(Entries taken from a collection)
----------
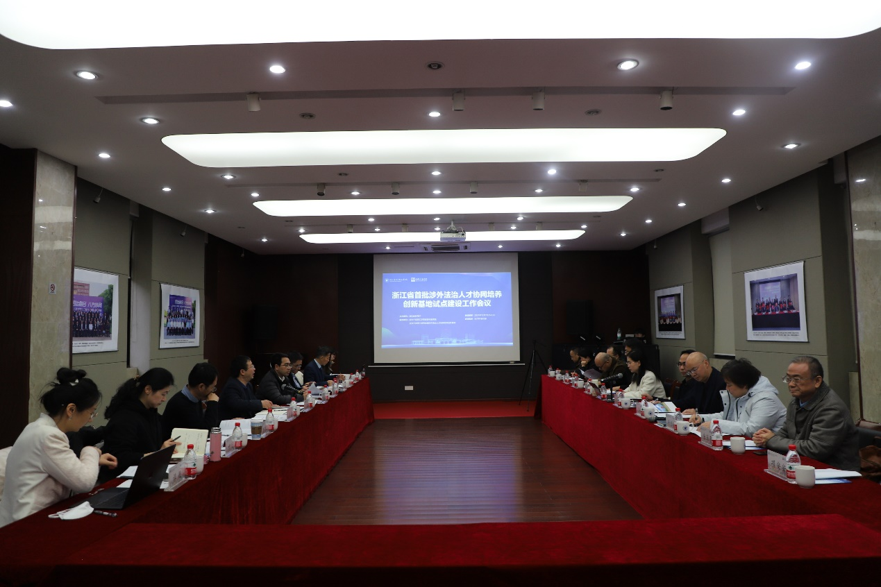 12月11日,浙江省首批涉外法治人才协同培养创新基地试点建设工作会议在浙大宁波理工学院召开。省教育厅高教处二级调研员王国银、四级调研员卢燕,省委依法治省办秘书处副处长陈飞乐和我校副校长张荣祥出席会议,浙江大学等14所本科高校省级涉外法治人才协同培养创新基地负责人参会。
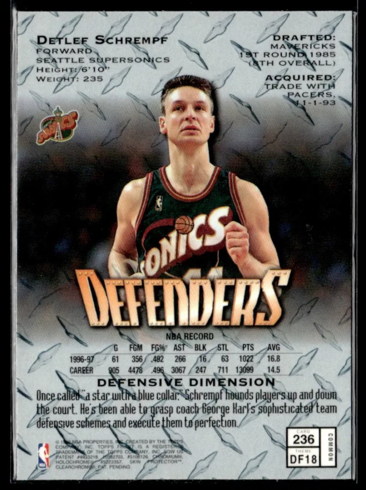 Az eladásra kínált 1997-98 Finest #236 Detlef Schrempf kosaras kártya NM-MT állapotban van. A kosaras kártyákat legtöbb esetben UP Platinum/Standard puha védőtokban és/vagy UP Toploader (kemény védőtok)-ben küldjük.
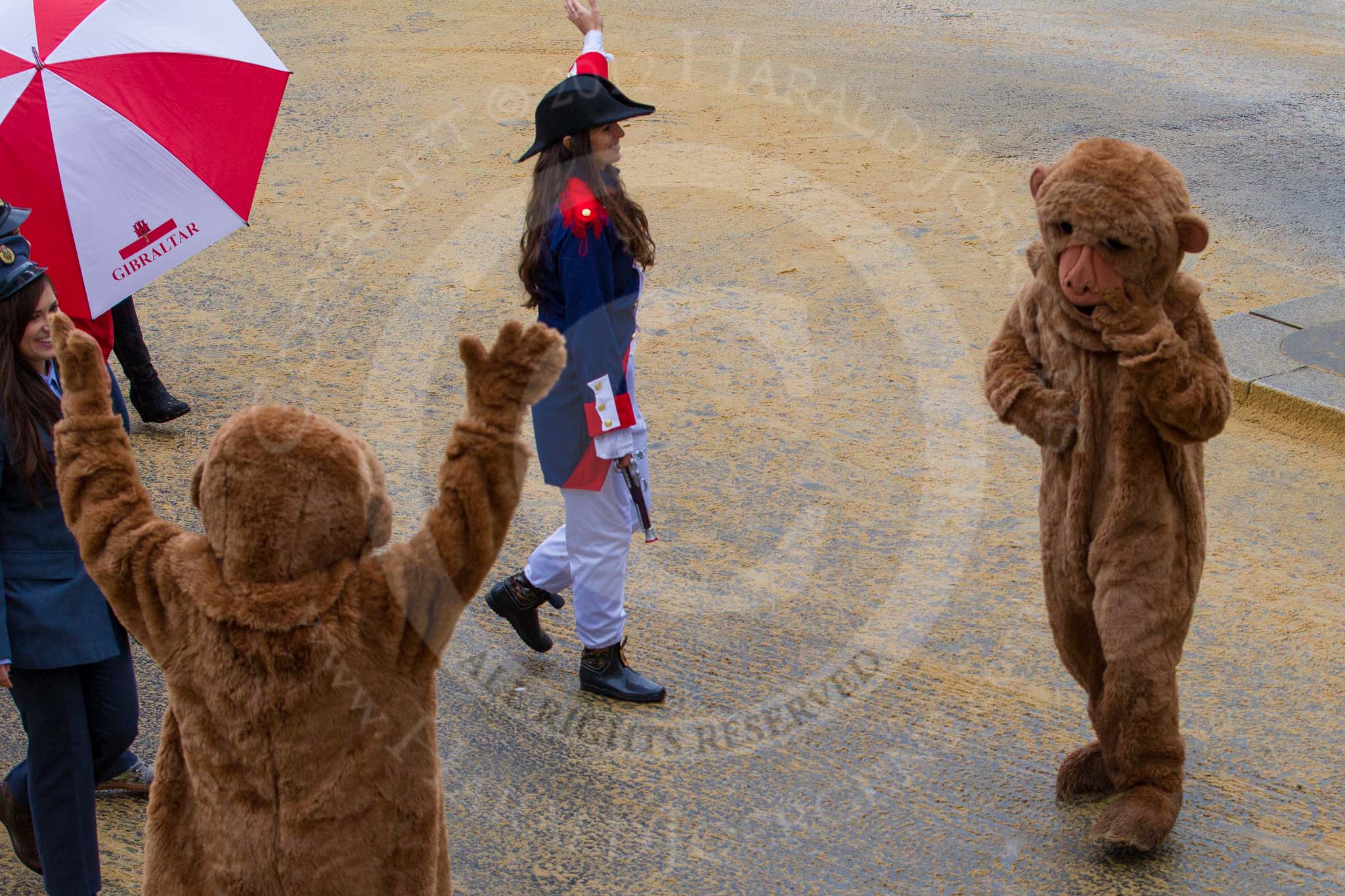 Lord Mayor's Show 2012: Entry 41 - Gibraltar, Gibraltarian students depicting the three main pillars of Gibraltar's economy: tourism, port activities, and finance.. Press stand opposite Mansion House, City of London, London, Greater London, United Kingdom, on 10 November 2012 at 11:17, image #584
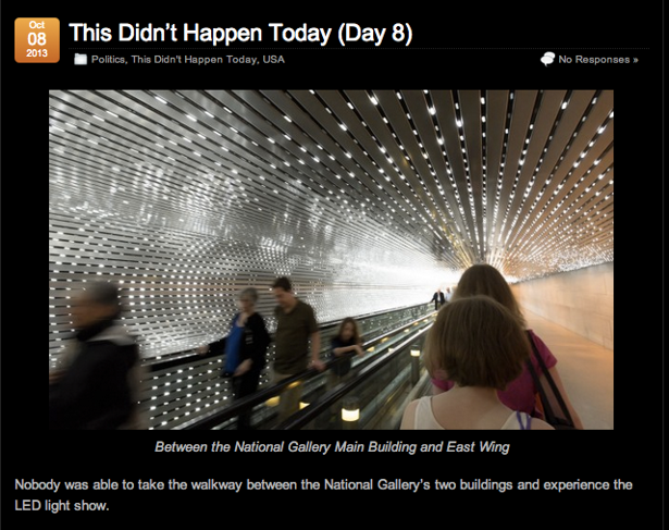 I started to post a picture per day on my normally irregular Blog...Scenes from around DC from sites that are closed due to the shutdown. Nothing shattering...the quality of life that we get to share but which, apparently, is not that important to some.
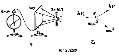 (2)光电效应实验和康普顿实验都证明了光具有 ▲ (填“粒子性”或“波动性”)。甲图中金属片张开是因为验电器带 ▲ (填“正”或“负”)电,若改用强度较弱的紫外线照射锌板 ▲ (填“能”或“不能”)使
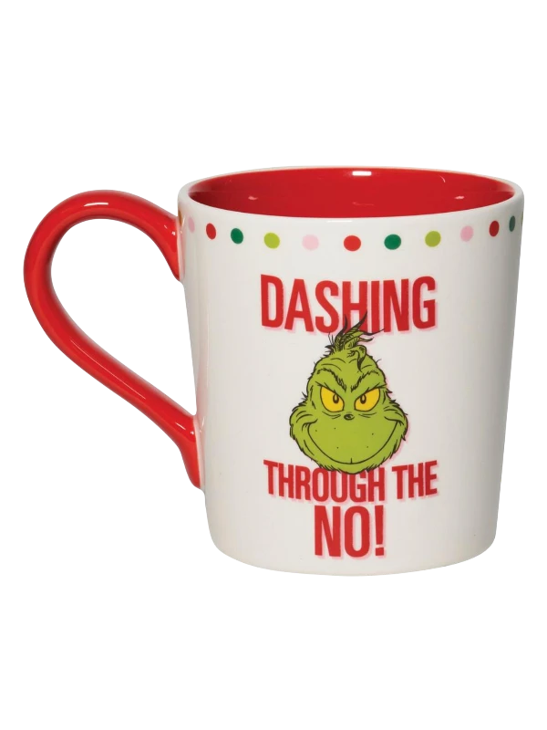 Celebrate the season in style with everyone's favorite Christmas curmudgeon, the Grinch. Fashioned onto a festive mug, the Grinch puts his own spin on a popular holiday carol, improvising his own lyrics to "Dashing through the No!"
----------
Your task: Reproduce exactly, and only, the part of the entries above that runs from the line with "Az eladásra kínált" to the last line, both included. Pictures stay out.

Solution for this problem:
 Az eladásra kínált 1997-98 Finest #236 Detlef Schrempf kosaras kártya NM-MT állapotban van. A kosaras kártyákat legtöbb esetben UP Platinum/Standard puha védőtokban és/vagy UP Toploader (kemény védőtok)-ben küldjük.
 Lord Mayor's Show 2012: Entry 41 - Gibraltar, Gibraltarian students depicting the three main pillars of Gibraltar's economy: tourism, port activities, and finance.. Press stand opposite Mansion House, City of London, London, Greater London, United Kingdom, on 10 November 2012 at 11:17, image #584
 I started to post a picture per day on my normally irregular Blog...Scenes from around DC from sites that are closed due to the shutdown. Nothing shattering...the quality of life that we get to share but which, apparently, is not that important to some.
 (2)光电效应实验和康普顿实验都证明了光具有 ▲ (填“粒子性”或“波动性”)。甲图中金属片张开是因为验电器带 ▲ (填“正”或“负”)电,若改用强度较弱的紫外线照射锌板 ▲ (填“能”或“不能”)使
 Celebrate the season in style with everyone's favorite Christmas curmudgeon, the Grinch. Fashioned onto a festive mug, the Grinch puts his own spin on a popular holiday carol, improvising his own lyrics to "Dashing through the No!"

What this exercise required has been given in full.